#### Motivation

I'm not sure about you, but I'm a huge fan of buying things on the secondhand market. For me, it's immensely rewarding to buy something second hand because you don't have to pay full price for the ephemeral novelty of owning something new (although we do thank early market adopters for using their disposable income to enable economy of scale to benefit the rest of us). I was recently on the hunt for a dependable Prius, so I thought, why not see what's a fair price. This project is a Prius price prediction problem that should enable buyers to know if they are purchasing a Prius within a reasonable price range, and sellers to know if they are pricing their vehicle in a reasonable price range. I want to 1) understand the biggest factors affecting car pricing, and 2) create a very accurate pricing algorithm based on common features you'd find.

#### Process

For this project, I used a very common classified advertisement platform to scrape data from, using Beautifulsoup. The listing above shows a typical search result for Priuses. Notice in the link, there are options for hyperlink parameters. The keyword, 'sso' represents whether or not the listings are 'sale by owner' listings, as opposed to listings by dealerships. I scraped both types of listings, tracking the type. In addition, the beginning of the link has 'sfbay' which specifies city/area for the listing. This is a variable which will be changed to navigate to other listings. The rest of the parameters we'll keep the same. In total I scraped every single listing in the US in every available city. On this particular day, there were approximately 12.3k total listings.
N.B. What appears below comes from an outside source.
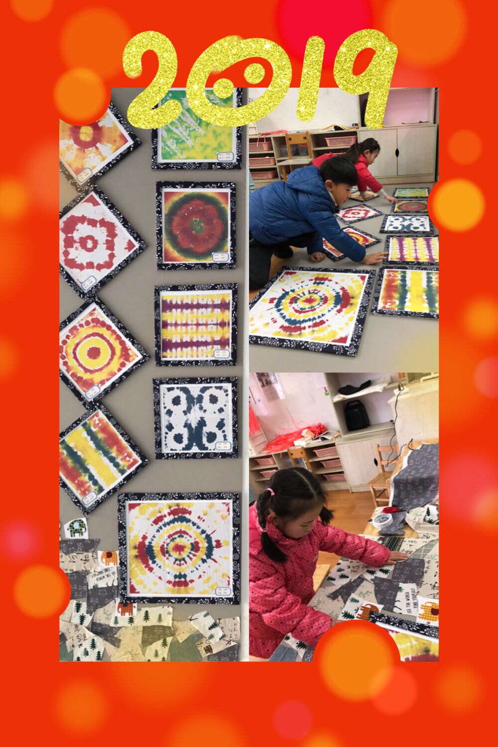 扎染活动是孩子们很喜欢的,用彩色墨水把一块块白色的布料变成五颜六色的艺术作品,孩子们兴趣极高,在制作过程中,大家也了解了一些简单的扎染的艺术意义。看我们的作品美不美啊?

#### EDA/Feature Construction

Each search result/post had some number of pre-existing features such as a variable number of images, the text within the post itself, and some set of pre-filled car conditions to the right side, just below the location map. Such features included name of the listing (which often included the year of the car, which we can extract through regex), the condition of the car, the number of cylinder it has, type of drive, fuel, a numerical odometer status, paint color, etc. In addition to these features, I also created a few additional features such as the number of pictures within a post (nthumbs), the number of characters in a post (postlen), the age of the car (current year, 2018 at the time of this project, minus year of car), and an indicator for whether or not the listing was sso. In total, there were 39 total features, combining those that I created with things that pre-existed on the right hand side column. Furthermore, there were 49 states from which postings were scraped, totaling 344 cities. All of these additional features became categorical indicators, bringing the total number of features to 432.

There were many postings that were perhaps made in error, or placed in the wrong section, or just plain spam postings. While we can't remove every single one of these postings by hand, we can weed out the majority of them through sensible filtering. If no right hand column exists for a listing detailing its condition, we can exclude these postings. Since no Priuses existed before their market release in 1997, we can remove all such listing (I'm always reluctant to remove data, but age of the car will play a large role in our model, and we have a sufficient quantity of data anyways so we don't need to impute this kind of data). Furthermore, we assume listings under $1,000 and over $40,000 are not useful to us. They could have been made in error, like a wheel of a Prius being listed under car for sale by owner section (unless there's a special edition gold plated Prius somewhere someone is not telling me about), but they are simply not within the range for prediction that we are sensibly interested in anyways.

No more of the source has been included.